Please output exactly the lines from the one that holds "下图所圈出的为近30期各位置" through the final line of the data, and nothing else; leave out any pictures.

-- Dataset content follows --

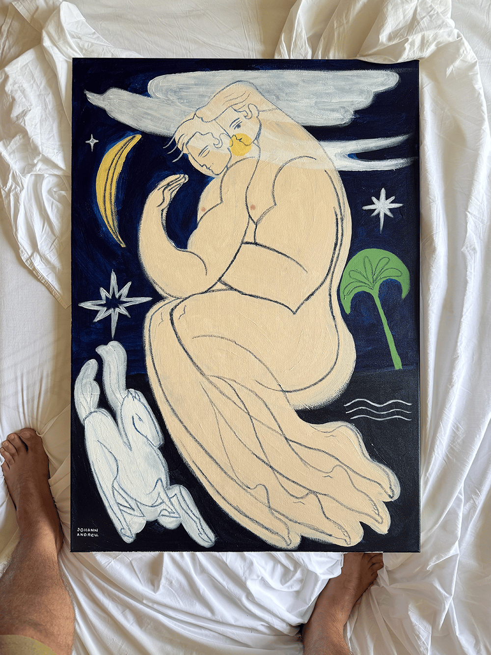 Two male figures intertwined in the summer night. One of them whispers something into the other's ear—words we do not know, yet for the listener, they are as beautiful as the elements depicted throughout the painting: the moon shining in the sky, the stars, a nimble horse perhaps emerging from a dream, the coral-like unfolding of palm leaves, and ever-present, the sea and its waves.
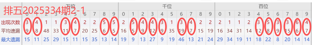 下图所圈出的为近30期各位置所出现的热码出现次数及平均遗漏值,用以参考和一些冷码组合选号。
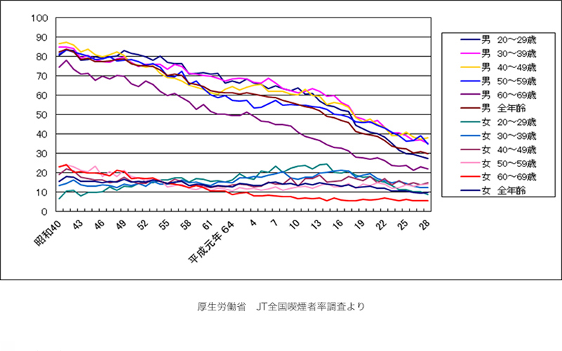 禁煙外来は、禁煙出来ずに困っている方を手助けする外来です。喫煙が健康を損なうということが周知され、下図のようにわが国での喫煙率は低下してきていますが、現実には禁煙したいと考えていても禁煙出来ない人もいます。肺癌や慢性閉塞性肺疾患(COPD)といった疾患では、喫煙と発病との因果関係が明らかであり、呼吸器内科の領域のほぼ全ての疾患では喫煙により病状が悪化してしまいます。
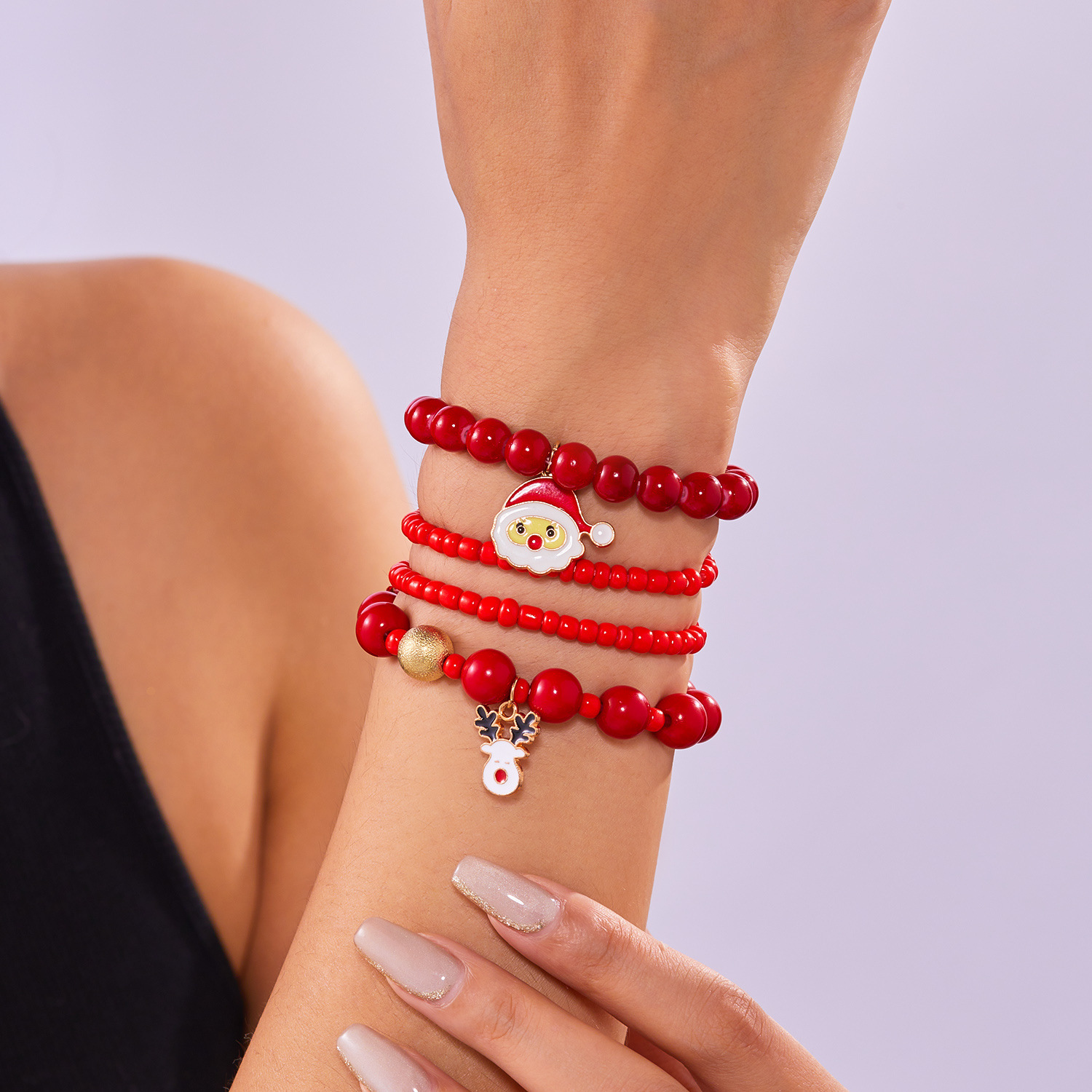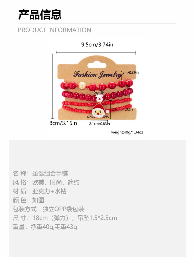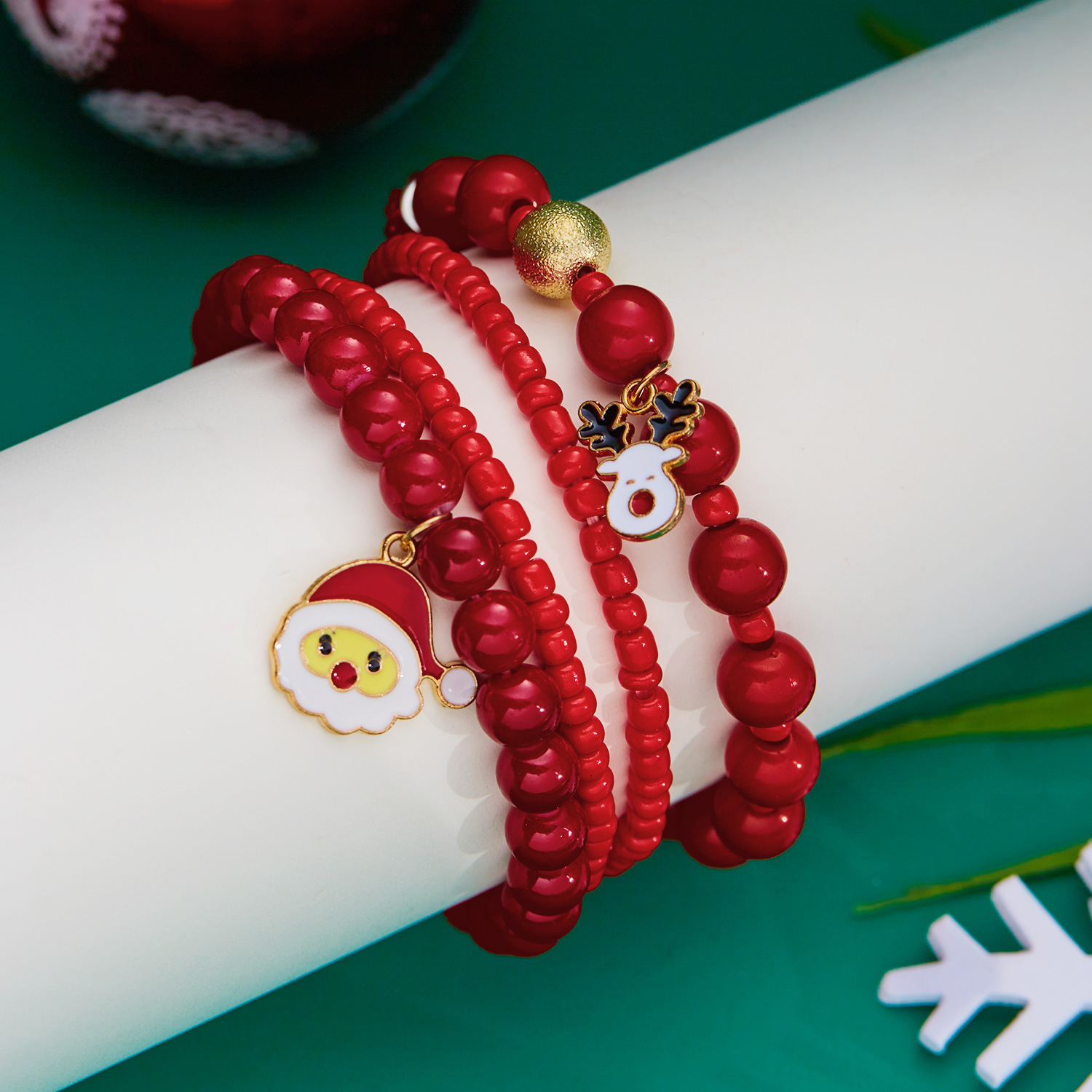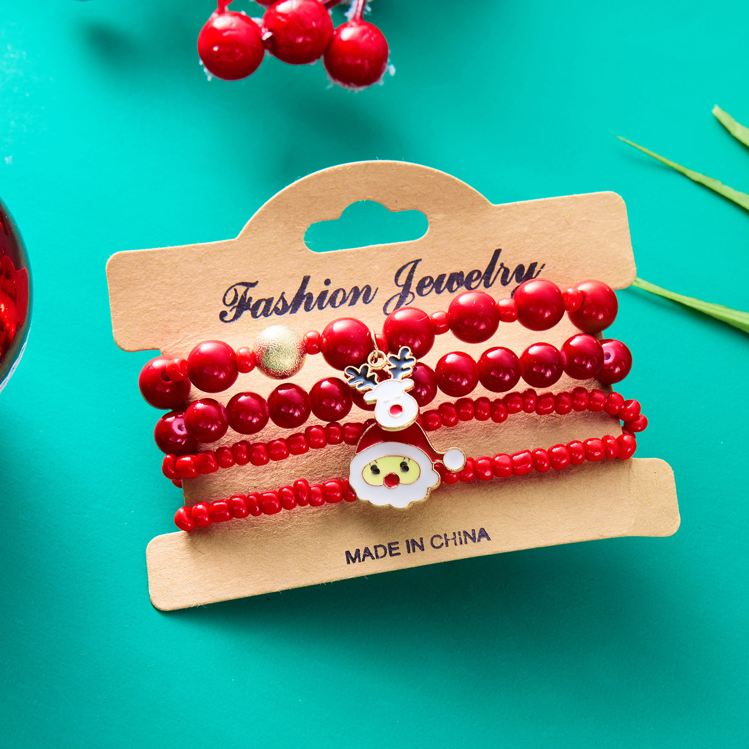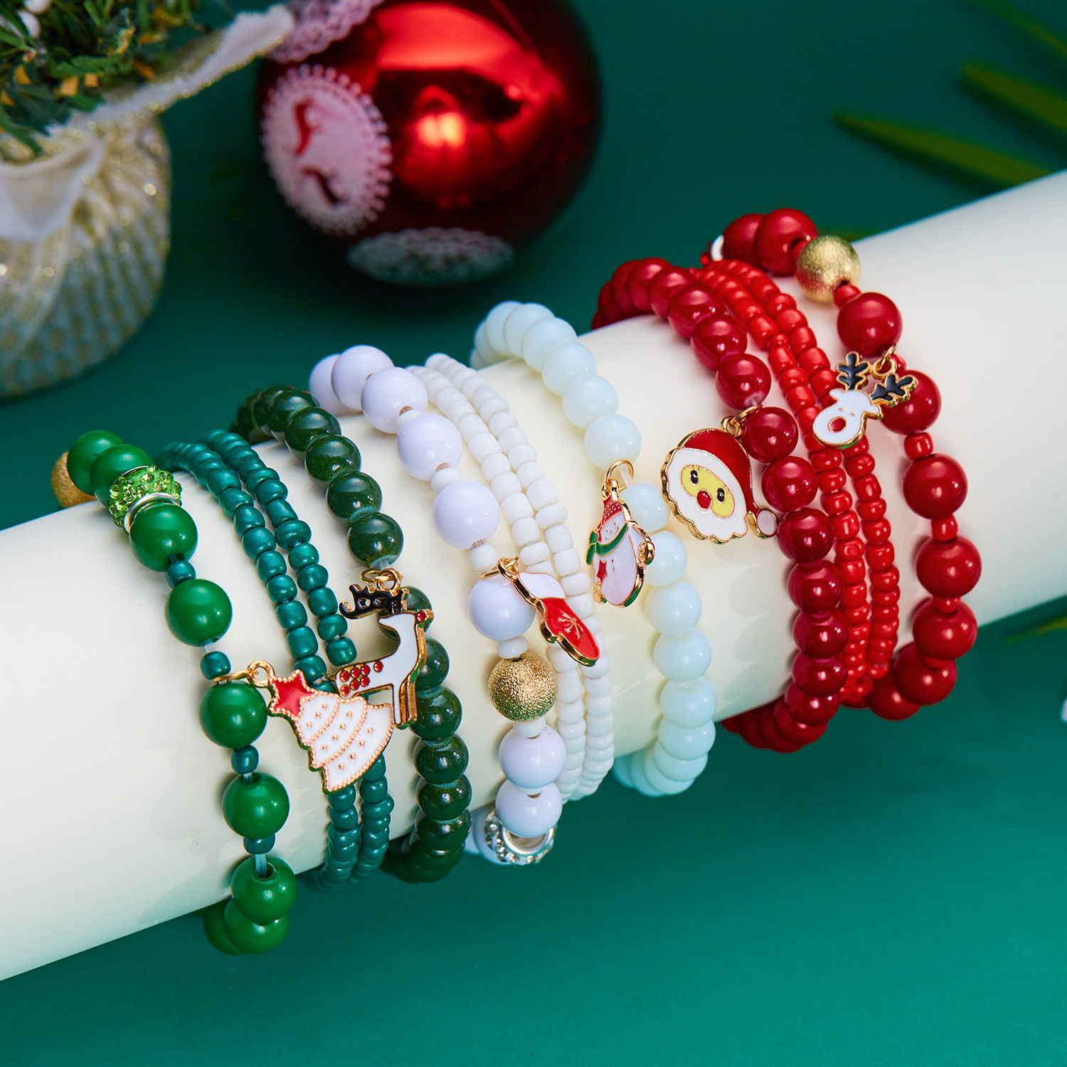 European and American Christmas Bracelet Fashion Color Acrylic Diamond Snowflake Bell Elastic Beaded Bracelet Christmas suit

-- Dataset content concluded --

**Your response:**
 下图所圈出的为近30期各位置所出现的热码出现次数及平均遗漏值,用以参考和一些冷码组合选号。
 禁煙外来は、禁煙出来ずに困っている方を手助けする外来です。喫煙が健康を損なうということが周知され、下図のようにわが国での喫煙率は低下してきていますが、現実には禁煙したいと考えていても禁煙出来ない人もいます。肺癌や慢性閉塞性肺疾患(COPD)といった疾患では、喫煙と発病との因果関係が明らかであり、呼吸器内科の領域のほぼ全ての疾患では喫煙により病状が悪化してしまいます。
 European and American Christmas Bracelet Fashion Color Acrylic Diamond Snowflake Bell Elastic Beaded Bracelet Christmas suit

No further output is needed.